Meta exec denies the company artificially boosted Llama 4's benchmark scores

A META Exec denied a rumor on Monday that the company formed its new AI models to present on specific references while concealing the weaknesses of the models.

The executive, Ahmad al-Dahle, vice-president of the generative AI in Meta, said in a post on x That it is “simply not true” that Meta formed her models Llama 4 Maverick and Llama 4 Scout on “test sett”. In AI benchmarks, test sets are data collections used to assess the performance of a model after its training. The training on a set of tests could inflate the reference scores of a model, which makes the model more capable than it really is.

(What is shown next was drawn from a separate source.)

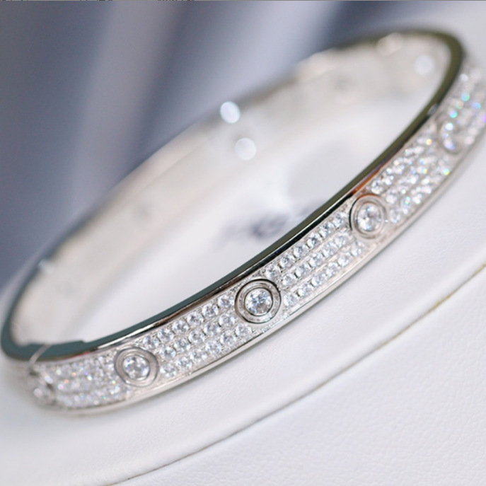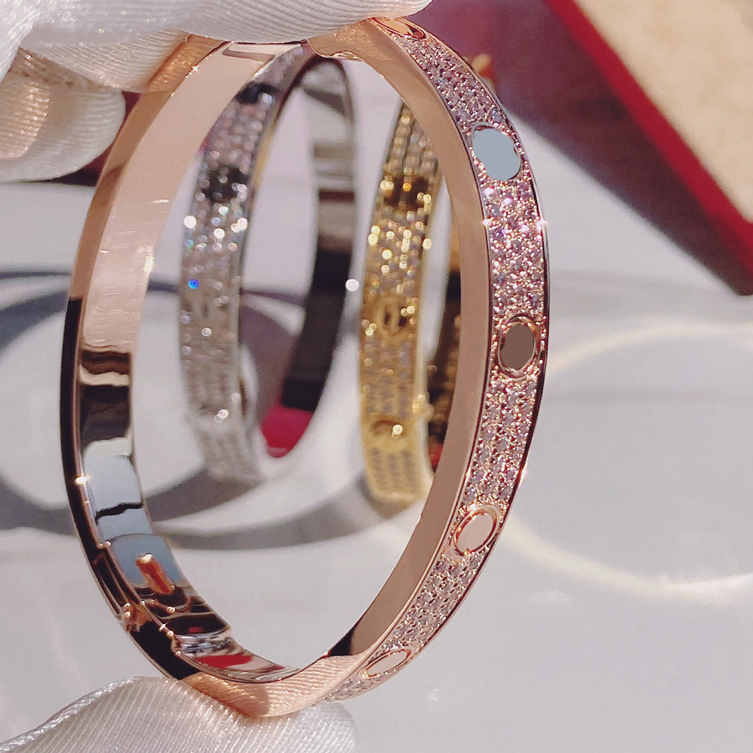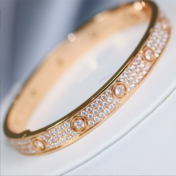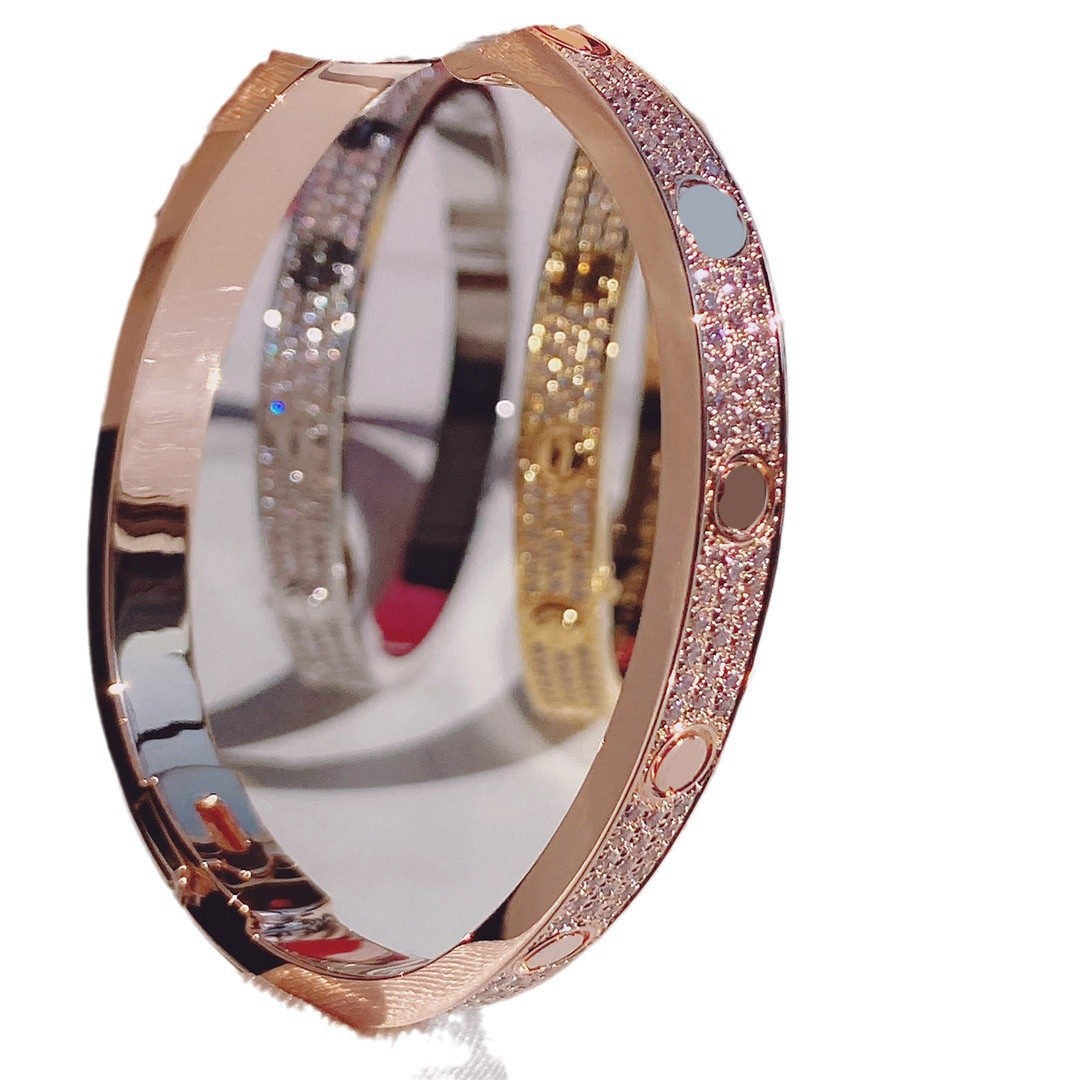 V金宽版卡家满天星高版本手镯精工三排钻镀18K玫瑰金手环送女朋友
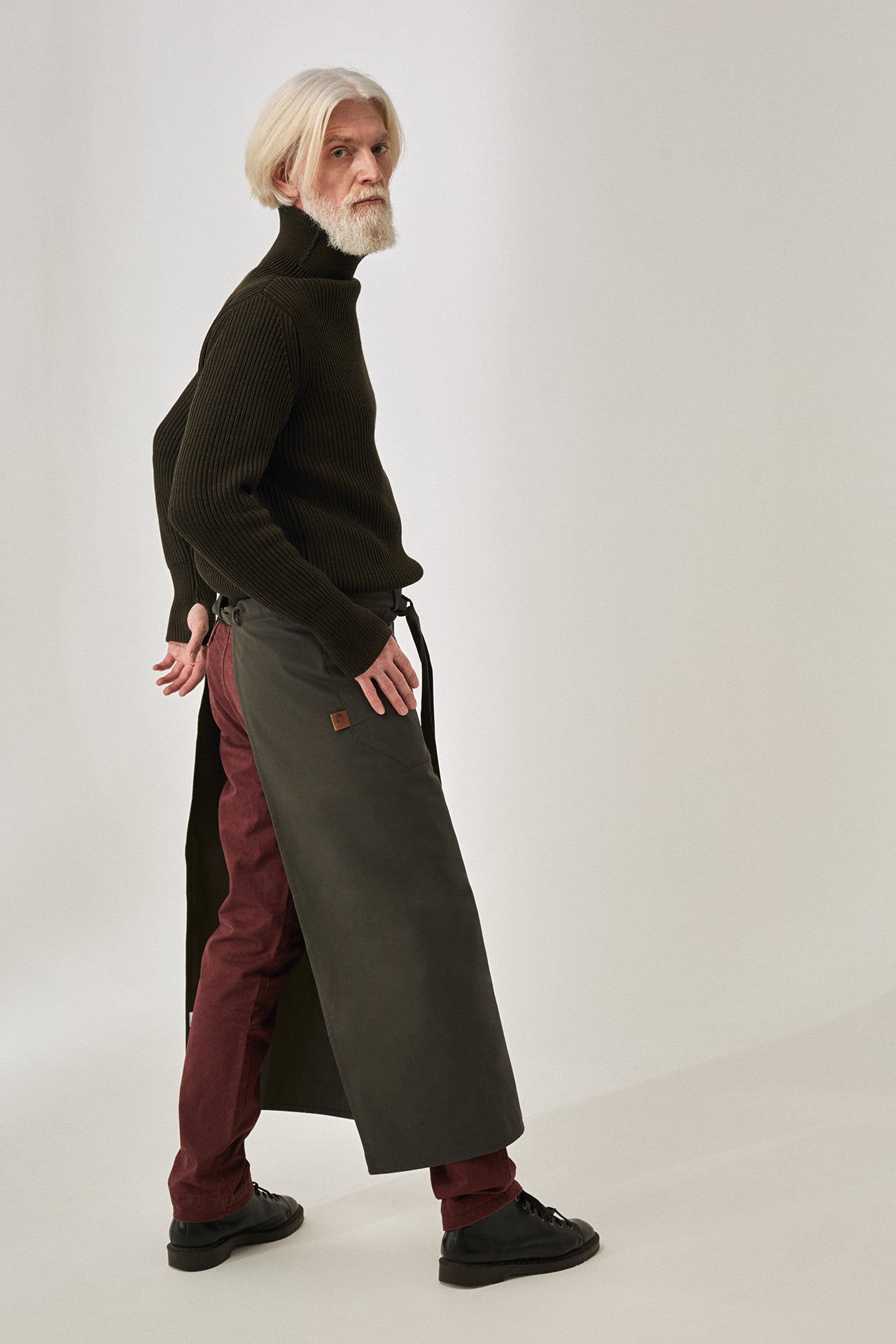 The Rook is our chess-inspired canvas apron—featuring a unique wide-leg split design that combines elegant silhouette with maximum freedom of movement. Crafted from durable canvas with a distinctive center split and adjustable waist ties, this apron delivers both style and functionality. Available in black, brown, olive, and beige.

During the weekend, an unfounded rumor The fact that the reference results of its new models have started to circulate on X and Reddit. The rumor seems to come from an article on a Chinese social media site of a user claiming to have resigned from Meta to protest against the comparative analysis practices of the company.

Reports that Maverick and Scout perform poorly on Some tasks Food the rumor, as is Meta’s decision to use an experimental and unprecedented version of Maverick to get better scores on the LM Arena reference. Researchers on X have Observed Stark Differences in behavior Du Maverick publicly downloaded from the model hosted on LM Arena.

Al-Dahle recognized that some users saw the “mixed quality” of Maverick and Scout through the various cloud suppliers hosting the models.

“Since we abandoned the models as soon as they were ready, we expect all public implementations to be made up of all public implementations,” said al-Dahle. “We will continue to work on our bugs and integration partners.”